By now you know that Justin and I will make almost anything. We documented our process of homemade naan several months ago, and while that was successful, I feel compelled to share the latest adventure which had slightly different results. For some time, Justin had wanted to make dumplings from scratch, which included even making the dough. He did most, if not all of the work—I was just called in to help form them in the end and then pan-fry.
For starters, I have to give major props to Chinese restaurants that make theirs from scratch. I know the more you do something, the better/quicker you get, but this was still an arduous process. Especially with the homemade dough. Justin found a recipe and watched YouTube videos. The dough was made and had the smell of dumpling dough and what I thought was a decent texture. He then made the filling, which consisted of minced pork shoulder, garlic, scallion, ginger, two kinds of soy sauce, Asian cooking wine, and finely chopped bok choy. I knew from the beginning that these dumplings were going to taste good, but what about the rest?

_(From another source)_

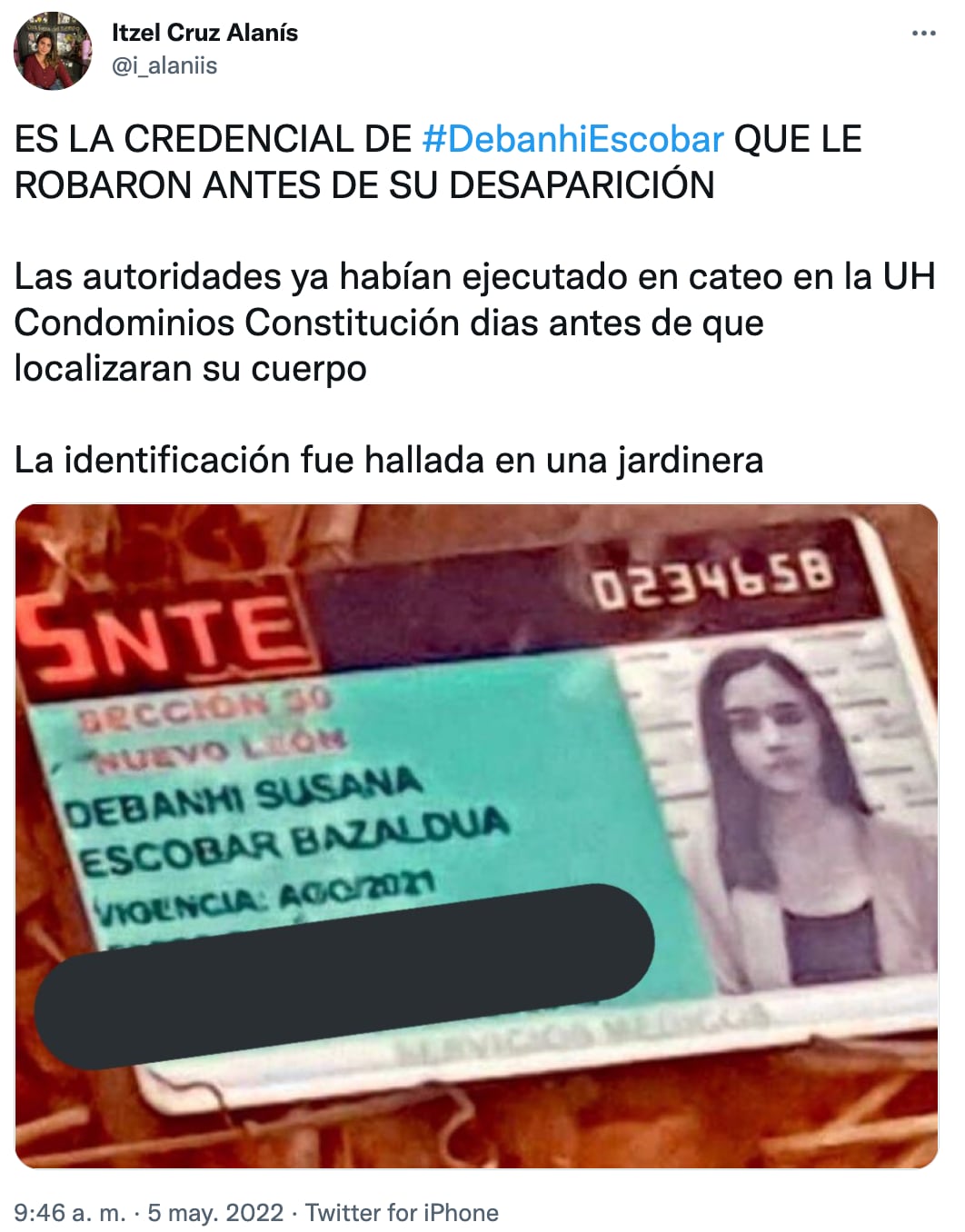 La credencial de Debanhi Escobar que fue encontrada la mañana de este 5 de mayo en los Condominios Constitución, había sido robada antes de desaparecer.

Justin studied the YouTube video and after rolling out the dumpling wrappers, we began to stuff them. This is where we both encountered the same problem: it was nearly impossible to crimp them in the desired fashioned. The method of using one’s thumb to hold down the contents while using the free had to crimp as you slide your thumb out just would not work. As you can see by the picture, we had a couple come out with a slight resemblance of dumplings, but by the end, we were just trying to salvage this. I even resorted to making an empanada shaped one out of mere frustration. I said to myself at one point, after about 10 minutes and only two dumplings produced, “I don’t know how these don’t cost $1,000 in restaurants for all this work”.
Shape aside, into the pan they went. We pan-fried them before adding water and covering to steam. Some of them stuck, but all did develop a browned, crisp bottom. One of our main concerns was whether or not the pork would actually cook all the way through, but thankfully, it did. The flavor and consistency was spot-on— delicious! However, most had fallen apart. I read somewhere online that the failure to hold their shape after crimping could have been the result of not enough gluten which would provide the stickiness. After sharing the pictures online, we were met with various comments offering praise and astonishment that Justin made his own dough, and several, “You guys are crazy!” A coworker of mine who is Asian even said, “My mom, the dumpling queen, uses store-bought wrappers.”
So there you have it: the secret is store-bought wrappers, which we will try next time. The filling and cooking we pretty much have down, but now we will attempt to see if we can get them to hold together. This was a lot of fun and a chance to learn something new, and it encouraged me (and hopefully you too) to go out of my comfort zone and try to cook something different.